I am feel uncomfortable when we are not about me?? (via Zona Negativa)
Sharra and K’ythri jump right in with the natural disasters, and summon a giant wave that immediately threatens to destroy a city on their own homeworld. While millions will die, the billions on the rest of the planet they’ve targeted will, they know, pray to their gods both in thankfulness for their lives and for comfort in their grief: a net win for the Shi’ar duo. However, Thor immediately springs into action and uses Mjolnir to calm the wave and save the city. The prayers the Shi’ar gods expected to receive immediately turn to prayers of joy and gratitude directed at Thor, making their first round a loss.

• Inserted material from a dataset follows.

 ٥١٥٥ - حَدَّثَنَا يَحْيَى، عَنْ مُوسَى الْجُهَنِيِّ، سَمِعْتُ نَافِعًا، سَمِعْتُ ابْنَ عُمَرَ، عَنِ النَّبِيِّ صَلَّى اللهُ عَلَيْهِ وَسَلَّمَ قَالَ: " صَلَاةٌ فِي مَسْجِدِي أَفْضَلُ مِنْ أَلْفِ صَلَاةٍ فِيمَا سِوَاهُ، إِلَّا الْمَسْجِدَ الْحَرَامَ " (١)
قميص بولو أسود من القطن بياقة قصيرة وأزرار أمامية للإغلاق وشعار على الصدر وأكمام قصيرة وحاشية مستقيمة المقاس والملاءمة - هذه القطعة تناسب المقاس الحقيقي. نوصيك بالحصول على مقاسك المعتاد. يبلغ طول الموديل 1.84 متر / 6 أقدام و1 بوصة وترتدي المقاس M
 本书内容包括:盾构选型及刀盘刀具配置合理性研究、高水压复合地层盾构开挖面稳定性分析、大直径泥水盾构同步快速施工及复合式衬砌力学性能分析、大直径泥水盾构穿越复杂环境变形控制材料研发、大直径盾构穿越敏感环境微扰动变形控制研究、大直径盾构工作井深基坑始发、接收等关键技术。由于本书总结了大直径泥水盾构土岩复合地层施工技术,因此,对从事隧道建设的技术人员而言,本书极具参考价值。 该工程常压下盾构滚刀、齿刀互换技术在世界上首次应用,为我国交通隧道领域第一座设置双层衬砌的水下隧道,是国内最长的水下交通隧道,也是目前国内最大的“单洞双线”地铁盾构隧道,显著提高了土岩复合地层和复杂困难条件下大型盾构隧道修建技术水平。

They head into the other rounds, and while Thor is able to best them at some, she certainly can’t create a new race of creatures from the air, or call down a plague, and her compassion for and desire to protect the innocents that Sharra and K’ythri have no issue drawing into their challenge often gets in the way of her winning. As the casualties mount on the Shi’ar side of the battle, Thor’s temper is pushed to the breaking point, but Earth itself is being held hostage dependent on her adherence to the rules of the challenge, and so her hands are tied to the competition.

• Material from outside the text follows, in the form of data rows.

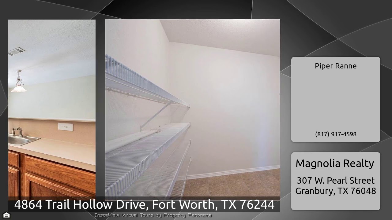 The Virtual Tour for the property at 4864 Trail Hollow Drive, Fort Worth, TX 76244 listed for $239,000: Other homes for sale by Piper Ranne of Magnolia Realty: Great family home located in very desirable Bear Creek Vista and Keller ISD. Also conveniently located near Fort Worth Alliance with plenty of shopping and dining. Split bedroom design with master and two other bedrooms on opposite side of the home. Great kitchen with eat in bar overlooking dining room with brand new French doors giving lots of natural light. Plenty of storage with walk-in closets in all the bedrooms and a spacious …
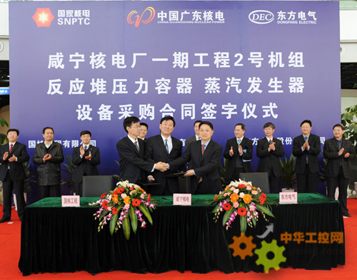 12月2日,鹹寧核電廠一期工程2號機組壓力容器、蒸汽發生器設備采購合同簽字儀式在東方電氣科技展示廳舉行。
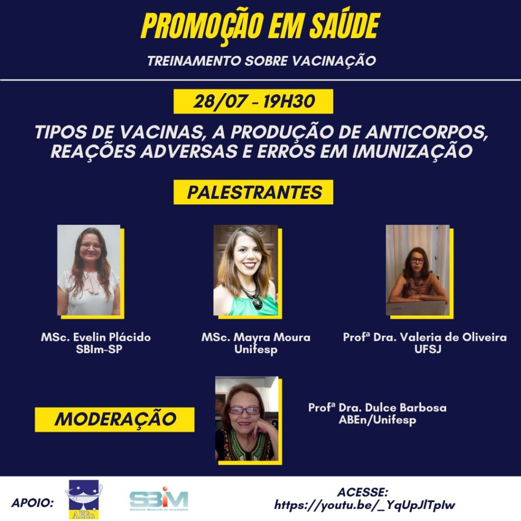 Tipos de vacinas, a produção de anticorpos, reações adversas e erros em imunização. 26 de julho de 2021 admin Post in Notícias Treinamento sobre Vacinação. Data: 28/07 às 19h30.
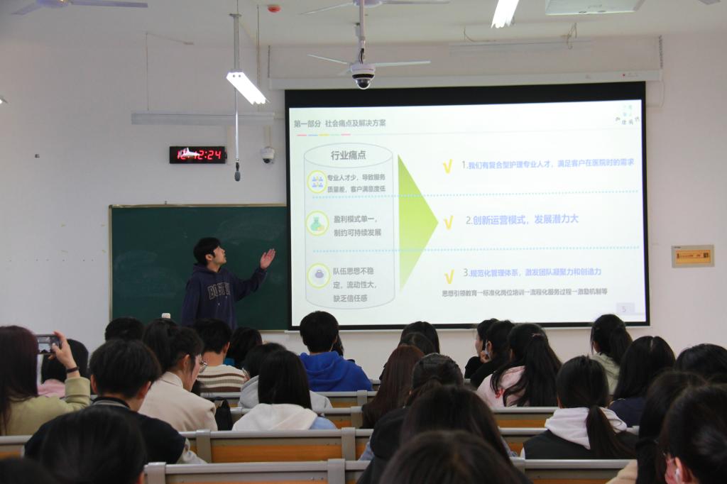 本站讯(护理学院 赖梦婷 黄伟)为引导大学生了解创业知识,提高创业能力,激发当代大学生的创业热情,4月7日,护理学院在和济楼C418举办“互联网+”创新创业大赛。党总支书记胡蓉、副书记曲晴及学工老师出席比赛并担任评委。

The aloof, amoral, and cruel pair of deities seem like a different kind of creature entirely than Thor—while both ostensibly superhuman, the Shi’ar gods are glowing blue humanoids clothed in white light, while (Jane-ness aside) Thor herself feels more, well, human. She has the physical shape and appearance of a human—it’s her abilities that reveal her godliness. However, both Thor and the Shi’ar deities lay claim to a legacy of being worshipped based on their superiority to those by whom they are revered, and in such, we call them both gods.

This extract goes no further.